What to work on =>
Repeat exactly the lines below that lie between the line with "衛(wèi)生間沿襲了外部的" and the line with "(2)地球咸水、淡水的储量比。(如右图所示)", counting both of those lines as part of the answer.

[Records from a collection]
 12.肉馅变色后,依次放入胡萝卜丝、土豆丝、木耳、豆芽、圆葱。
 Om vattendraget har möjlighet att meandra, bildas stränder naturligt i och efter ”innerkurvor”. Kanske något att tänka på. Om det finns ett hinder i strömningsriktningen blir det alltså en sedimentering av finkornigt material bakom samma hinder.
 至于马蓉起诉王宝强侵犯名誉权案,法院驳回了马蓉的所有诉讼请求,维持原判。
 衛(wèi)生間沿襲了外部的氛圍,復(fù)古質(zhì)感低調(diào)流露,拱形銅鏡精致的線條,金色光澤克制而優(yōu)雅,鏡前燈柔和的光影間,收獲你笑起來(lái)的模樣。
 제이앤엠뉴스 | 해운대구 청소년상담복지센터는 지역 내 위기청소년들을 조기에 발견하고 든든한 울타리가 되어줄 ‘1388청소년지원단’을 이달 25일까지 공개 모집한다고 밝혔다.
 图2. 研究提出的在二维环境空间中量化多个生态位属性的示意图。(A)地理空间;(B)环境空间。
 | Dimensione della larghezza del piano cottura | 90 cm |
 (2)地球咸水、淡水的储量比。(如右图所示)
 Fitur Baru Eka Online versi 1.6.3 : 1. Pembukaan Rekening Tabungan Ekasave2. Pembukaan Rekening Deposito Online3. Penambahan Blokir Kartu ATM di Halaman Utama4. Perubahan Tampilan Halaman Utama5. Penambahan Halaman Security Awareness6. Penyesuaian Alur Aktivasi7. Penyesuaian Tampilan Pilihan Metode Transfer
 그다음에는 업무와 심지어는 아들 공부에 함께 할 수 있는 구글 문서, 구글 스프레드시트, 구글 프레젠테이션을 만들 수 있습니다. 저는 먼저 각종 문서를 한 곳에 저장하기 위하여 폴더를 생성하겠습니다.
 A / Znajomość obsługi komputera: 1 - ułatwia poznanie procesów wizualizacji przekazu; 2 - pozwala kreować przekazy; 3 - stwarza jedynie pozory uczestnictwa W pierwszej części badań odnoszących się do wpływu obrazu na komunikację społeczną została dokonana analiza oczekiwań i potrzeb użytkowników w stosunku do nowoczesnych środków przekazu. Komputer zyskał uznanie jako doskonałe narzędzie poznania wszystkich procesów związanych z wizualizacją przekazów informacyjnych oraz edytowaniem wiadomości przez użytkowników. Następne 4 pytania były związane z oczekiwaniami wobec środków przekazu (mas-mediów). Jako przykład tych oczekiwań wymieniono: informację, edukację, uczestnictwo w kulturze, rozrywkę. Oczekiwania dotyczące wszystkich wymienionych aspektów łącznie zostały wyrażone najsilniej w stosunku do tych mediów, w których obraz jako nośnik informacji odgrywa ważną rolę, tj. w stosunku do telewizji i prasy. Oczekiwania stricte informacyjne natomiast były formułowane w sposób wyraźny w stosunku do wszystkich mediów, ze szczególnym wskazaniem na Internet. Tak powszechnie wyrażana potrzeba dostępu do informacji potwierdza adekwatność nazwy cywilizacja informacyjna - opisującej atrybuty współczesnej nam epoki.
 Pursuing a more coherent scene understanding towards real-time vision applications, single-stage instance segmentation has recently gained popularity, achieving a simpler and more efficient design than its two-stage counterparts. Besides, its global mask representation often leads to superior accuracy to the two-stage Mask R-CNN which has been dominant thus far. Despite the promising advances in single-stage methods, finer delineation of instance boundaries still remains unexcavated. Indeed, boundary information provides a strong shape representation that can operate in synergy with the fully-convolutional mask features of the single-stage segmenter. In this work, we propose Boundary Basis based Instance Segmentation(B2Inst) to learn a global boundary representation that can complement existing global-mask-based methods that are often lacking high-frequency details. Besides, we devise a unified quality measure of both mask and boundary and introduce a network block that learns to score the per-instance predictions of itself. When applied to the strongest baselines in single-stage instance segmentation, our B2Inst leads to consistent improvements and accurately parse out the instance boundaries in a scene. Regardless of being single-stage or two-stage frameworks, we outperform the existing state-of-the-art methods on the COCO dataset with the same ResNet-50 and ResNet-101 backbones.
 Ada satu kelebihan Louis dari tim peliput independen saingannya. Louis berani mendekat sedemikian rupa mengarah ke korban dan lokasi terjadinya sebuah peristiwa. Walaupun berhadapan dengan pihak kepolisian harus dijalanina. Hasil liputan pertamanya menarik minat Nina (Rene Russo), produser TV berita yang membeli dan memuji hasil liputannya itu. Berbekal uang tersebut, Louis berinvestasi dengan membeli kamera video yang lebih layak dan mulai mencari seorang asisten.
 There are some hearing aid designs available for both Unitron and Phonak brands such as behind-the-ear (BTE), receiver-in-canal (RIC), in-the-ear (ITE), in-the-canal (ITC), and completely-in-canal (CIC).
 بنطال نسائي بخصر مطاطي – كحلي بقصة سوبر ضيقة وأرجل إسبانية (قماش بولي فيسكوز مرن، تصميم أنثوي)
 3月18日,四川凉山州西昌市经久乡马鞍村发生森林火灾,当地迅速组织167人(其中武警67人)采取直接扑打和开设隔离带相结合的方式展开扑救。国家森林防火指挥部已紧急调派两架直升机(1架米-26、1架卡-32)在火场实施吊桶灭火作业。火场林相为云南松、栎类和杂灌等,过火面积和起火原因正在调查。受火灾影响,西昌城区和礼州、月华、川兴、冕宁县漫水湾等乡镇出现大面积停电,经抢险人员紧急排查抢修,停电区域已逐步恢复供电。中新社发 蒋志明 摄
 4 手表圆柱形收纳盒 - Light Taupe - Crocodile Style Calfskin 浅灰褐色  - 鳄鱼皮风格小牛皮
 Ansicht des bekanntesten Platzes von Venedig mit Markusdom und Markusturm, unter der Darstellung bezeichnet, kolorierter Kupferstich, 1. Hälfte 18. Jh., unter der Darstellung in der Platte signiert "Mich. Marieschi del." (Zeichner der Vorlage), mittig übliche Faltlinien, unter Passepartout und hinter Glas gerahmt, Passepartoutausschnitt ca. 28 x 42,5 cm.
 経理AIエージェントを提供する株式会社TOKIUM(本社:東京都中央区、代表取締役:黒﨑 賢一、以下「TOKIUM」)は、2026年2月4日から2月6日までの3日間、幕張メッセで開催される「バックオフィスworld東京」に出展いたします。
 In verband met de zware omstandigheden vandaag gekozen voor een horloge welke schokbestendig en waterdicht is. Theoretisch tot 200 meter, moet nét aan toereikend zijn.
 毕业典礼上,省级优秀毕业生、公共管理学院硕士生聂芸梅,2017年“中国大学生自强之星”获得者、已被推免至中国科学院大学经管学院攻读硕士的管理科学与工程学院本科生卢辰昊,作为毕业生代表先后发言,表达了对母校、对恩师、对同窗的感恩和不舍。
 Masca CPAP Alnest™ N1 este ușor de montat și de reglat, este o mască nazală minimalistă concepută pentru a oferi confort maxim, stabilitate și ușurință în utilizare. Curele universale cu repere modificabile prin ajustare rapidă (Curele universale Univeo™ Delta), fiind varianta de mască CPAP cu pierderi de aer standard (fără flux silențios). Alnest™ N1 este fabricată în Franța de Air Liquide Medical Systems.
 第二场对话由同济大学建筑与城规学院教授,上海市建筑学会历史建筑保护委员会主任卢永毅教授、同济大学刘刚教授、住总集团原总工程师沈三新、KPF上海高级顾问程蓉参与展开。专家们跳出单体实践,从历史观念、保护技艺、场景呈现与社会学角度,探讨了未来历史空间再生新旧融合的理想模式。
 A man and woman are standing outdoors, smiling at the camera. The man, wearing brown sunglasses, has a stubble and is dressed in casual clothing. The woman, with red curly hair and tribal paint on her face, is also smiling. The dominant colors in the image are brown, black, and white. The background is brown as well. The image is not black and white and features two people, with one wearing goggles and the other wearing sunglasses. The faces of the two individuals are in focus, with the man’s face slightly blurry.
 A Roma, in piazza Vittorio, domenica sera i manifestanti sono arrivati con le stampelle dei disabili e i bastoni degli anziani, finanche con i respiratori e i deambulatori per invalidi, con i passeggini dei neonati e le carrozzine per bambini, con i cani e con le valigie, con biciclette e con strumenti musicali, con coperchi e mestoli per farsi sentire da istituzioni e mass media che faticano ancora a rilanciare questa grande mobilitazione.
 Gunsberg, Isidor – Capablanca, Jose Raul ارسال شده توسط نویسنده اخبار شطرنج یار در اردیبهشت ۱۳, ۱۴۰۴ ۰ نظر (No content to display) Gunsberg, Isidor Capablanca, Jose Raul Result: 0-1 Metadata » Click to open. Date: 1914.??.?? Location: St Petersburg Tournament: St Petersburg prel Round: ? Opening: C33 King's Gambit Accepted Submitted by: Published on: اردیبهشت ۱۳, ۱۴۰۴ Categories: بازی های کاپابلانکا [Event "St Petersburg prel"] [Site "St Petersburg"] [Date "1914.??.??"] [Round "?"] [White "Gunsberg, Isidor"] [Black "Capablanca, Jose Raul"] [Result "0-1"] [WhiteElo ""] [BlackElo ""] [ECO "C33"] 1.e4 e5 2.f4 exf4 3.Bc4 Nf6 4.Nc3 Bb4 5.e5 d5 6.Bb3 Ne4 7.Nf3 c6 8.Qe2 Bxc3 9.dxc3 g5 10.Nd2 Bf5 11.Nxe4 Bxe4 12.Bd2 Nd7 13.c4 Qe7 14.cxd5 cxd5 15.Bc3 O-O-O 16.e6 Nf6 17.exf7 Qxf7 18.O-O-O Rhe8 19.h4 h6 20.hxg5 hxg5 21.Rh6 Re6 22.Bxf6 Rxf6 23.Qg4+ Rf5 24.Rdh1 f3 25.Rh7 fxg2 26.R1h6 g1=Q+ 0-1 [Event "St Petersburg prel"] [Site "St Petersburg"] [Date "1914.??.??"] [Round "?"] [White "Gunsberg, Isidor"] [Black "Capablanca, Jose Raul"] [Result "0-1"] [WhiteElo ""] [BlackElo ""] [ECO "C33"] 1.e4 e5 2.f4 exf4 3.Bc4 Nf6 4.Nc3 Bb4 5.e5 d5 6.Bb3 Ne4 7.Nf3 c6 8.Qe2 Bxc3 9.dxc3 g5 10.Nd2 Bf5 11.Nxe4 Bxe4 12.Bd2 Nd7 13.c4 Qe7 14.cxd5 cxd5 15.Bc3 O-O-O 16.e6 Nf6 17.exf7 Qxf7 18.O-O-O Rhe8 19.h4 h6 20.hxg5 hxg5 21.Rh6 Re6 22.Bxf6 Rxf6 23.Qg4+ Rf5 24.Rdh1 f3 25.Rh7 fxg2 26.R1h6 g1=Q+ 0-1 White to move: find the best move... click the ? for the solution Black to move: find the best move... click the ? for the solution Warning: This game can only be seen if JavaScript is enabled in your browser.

Result for this exercise =>
 衛(wèi)生間沿襲了外部的氛圍,復(fù)古質(zhì)感低調(diào)流露,拱形銅鏡精致的線條,金色光澤克制而優(yōu)雅,鏡前燈柔和的光影間,收獲你笑起來(lái)的模樣。
 제이앤엠뉴스 | 해운대구 청소년상담복지센터는 지역 내 위기청소년들을 조기에 발견하고 든든한 울타리가 되어줄 ‘1388청소년지원단’을 이달 25일까지 공개 모집한다고 밝혔다.
 图2. 研究提出的在二维环境空间中量化多个生态位属性的示意图。(A)地理空间;(B)环境空间。
 | Dimensione della larghezza del piano cottura | 90 cm |
 (2)地球咸水、淡水的储量比。(如右图所示)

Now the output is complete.